‘Ndrangheta: Dia confisca beni per 5 milioni a presunto boss deceduto

I beni secondo la Dia erano riconducibili a Rocco Antonio Gioffrè, boss di Seminara deceduto nel 2011.

La Direzione investigativa antimafia (Dia) di Reggio Calabria questa mattina ha confiscato beni per 5 milioni di euro ritenuti nella disponibilità di Rocco Antonio Gioffrè, presunto boss dell’omonima cosca di ‘ndrangheta di Seminara, nel reggino, morto a 75 anni per cause naturali nel 2011.

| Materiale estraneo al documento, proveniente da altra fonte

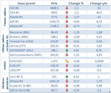 Hier les marchés américains ont reculés légèrement. Les technos de l'indice Nasdaq se sont repliées de 0.89% alors que les valeurs du secteur financier (BKX, XBD) ont largement sous performées tous les indices. Le gagnant de la journée était le secteur des métaux précieux avec un bon de près de 5%. Ce matin les futures américaines pointent vers une ouverture en baisse significative avec l'emini SP500 à -0.65%. Si les US ouvrent dans ces conditions ou encore plus en baisse on surveillera le « break out de la première heure ». La théorie veux que lorsque nous ouvrons aux US en baisse par apport à la clôture, une sortie par le haut du range de la première heure (15h30/16h30) affaibli considérablement les chances de voir une tendance baissière se mettre en place dans la journée. En revanche, une sortie par le bas du range et un indice qui va de plus bas en plus bas après 16h30 indique que les probabilités de clôturer en hausse sur la journée sont extrêmement faibles (et d'ailleurs dans ce cas, l'indice cloture très souvent au plus bas du jour). Aussi gardez à l'esprit qu'une ouverture avec un fort décalage est plutôt un signal contrarient, c'est-à-dire qu'acheter des ouvertures en baisse et vendre lorsque le SP ouvre en forte hausse donne beaucoup plus de chance de réussite que l'inverse. J'entends trop souvent les gens dire que les futures US dans le vert c'est bon signe pour la hausse, c'est statistiquement faux !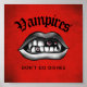 Vampire poster with the funny text Vampires Don't Do Dishes and an original artwork of a vampire mouth with fangs and broken teeth, evil creatures lurking behind in the dark and red grunge textured background. Great design for Halloween and for fans of the gothic style with a sense of humor.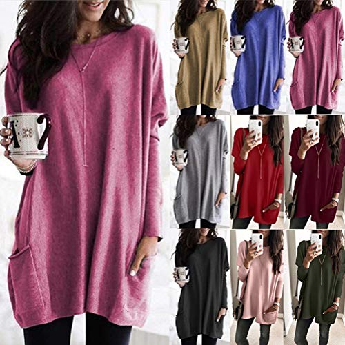 Minetom Donna Sciolto Manica Lunga Maglietta Tee Shirt Eleganti Tops Casual Camicetta Blusa Maglia Vestito Corto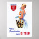 Restaurado! Reprodução de alta resolução, Photoshop apontado para impressões nítidos, retocado digital e restaurado para lágrimas, manchas e elementos faltando. Dortmunder alemão RITTER BIER Retro Beer Advertisement Poster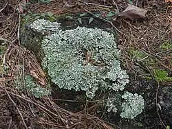 This is a list of species in the foliose lichen genus Xanthoparmelia. It is the most speciose lichen genus,[1] containing an estimated 822 species as of 2020.[2] The key characteristics of Xanthoparmelia include the cell walls containing Xanthoparmelia-type lichenan, the pored epicortex, margins without cilia, simple rhizines, small, ellipsoidal spores and bifusiform or rarely weakly fusiform or bacilliform conidia.[3]
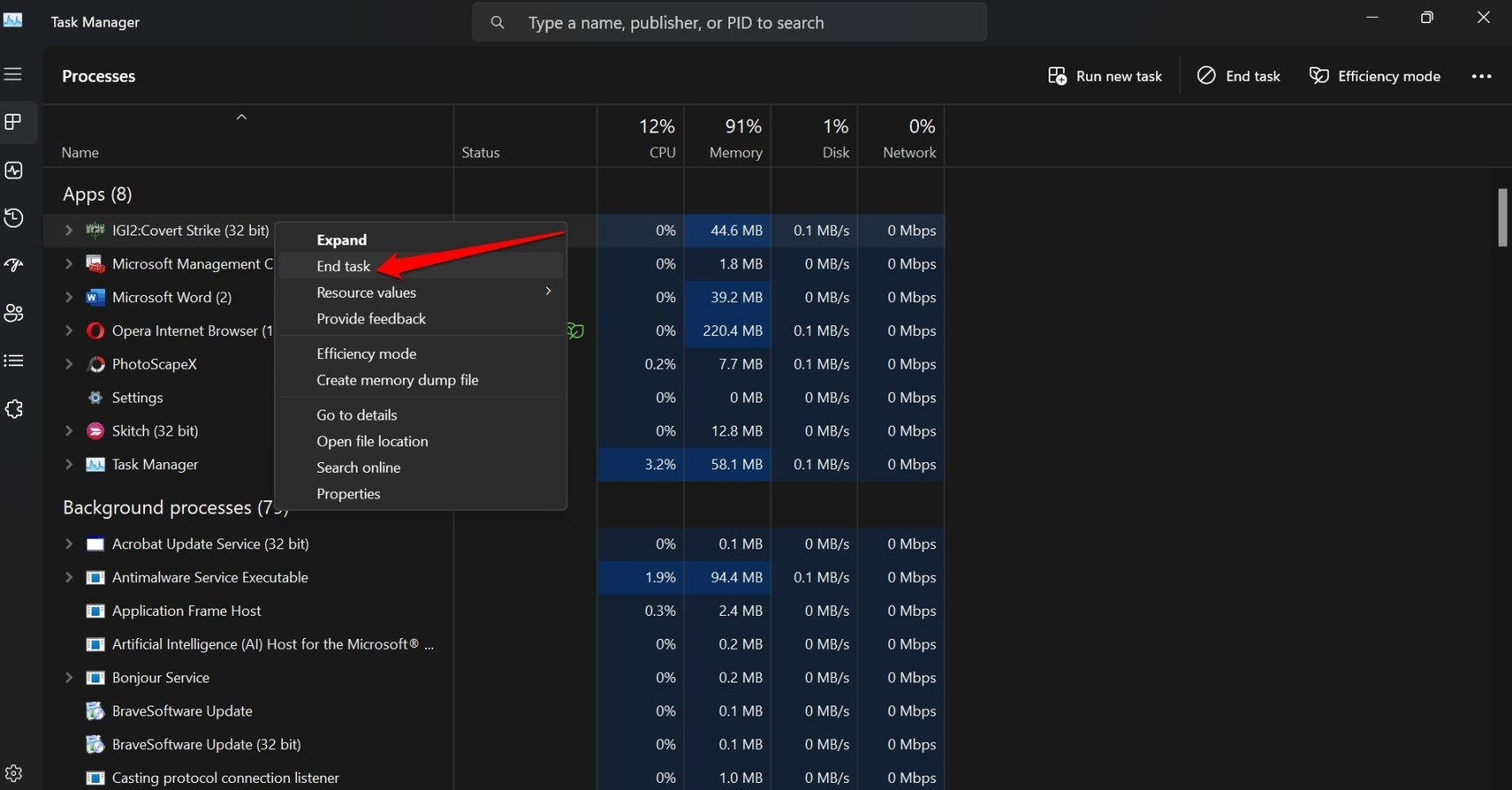 - 右键单击游戏应用程序,然后选择“结束任务”。

I beni oggetto del provvedimento di sequestro sono 34 uliveti, 5 fabbricati, un frantoio, una ditta individuale e oltre 58.000 euro in titoli.

Gioffrè era stato arrestato nel novembre del 2007 e poi nell’aprile del 2009 in due distinte operazioni antimafia, rispettivamente denominate Topa e Artemisia. Nella prima il ritenuto capo bastone era accusato di associazione per delinquere di stampo mafioso finalizzata anche al condizionamento delle elezioni comunali svoltesi nel 2007 a Seminara.

Il provvedimento di confisca eseguito dalla Dia si è reso possibile grazie alle nuove disposizioni contenute nel Codice antimafia con la possibilità di applicare la misura di prevenzione patrimoniale nei confronti degli eredi legittimi del congiunto presunto appartenente alla criminalità organizzata entro il termine di 5 anni dal decesso, dopo avere accertato la palese sperequazione tra i redditi dichiarati e il patrimonio realmente posseduto.

A richiedere la confisca dei beni di Gioffrè al tribunale era stata la Direzione distrettuale antimafia (Dda) di Reggio Calabria.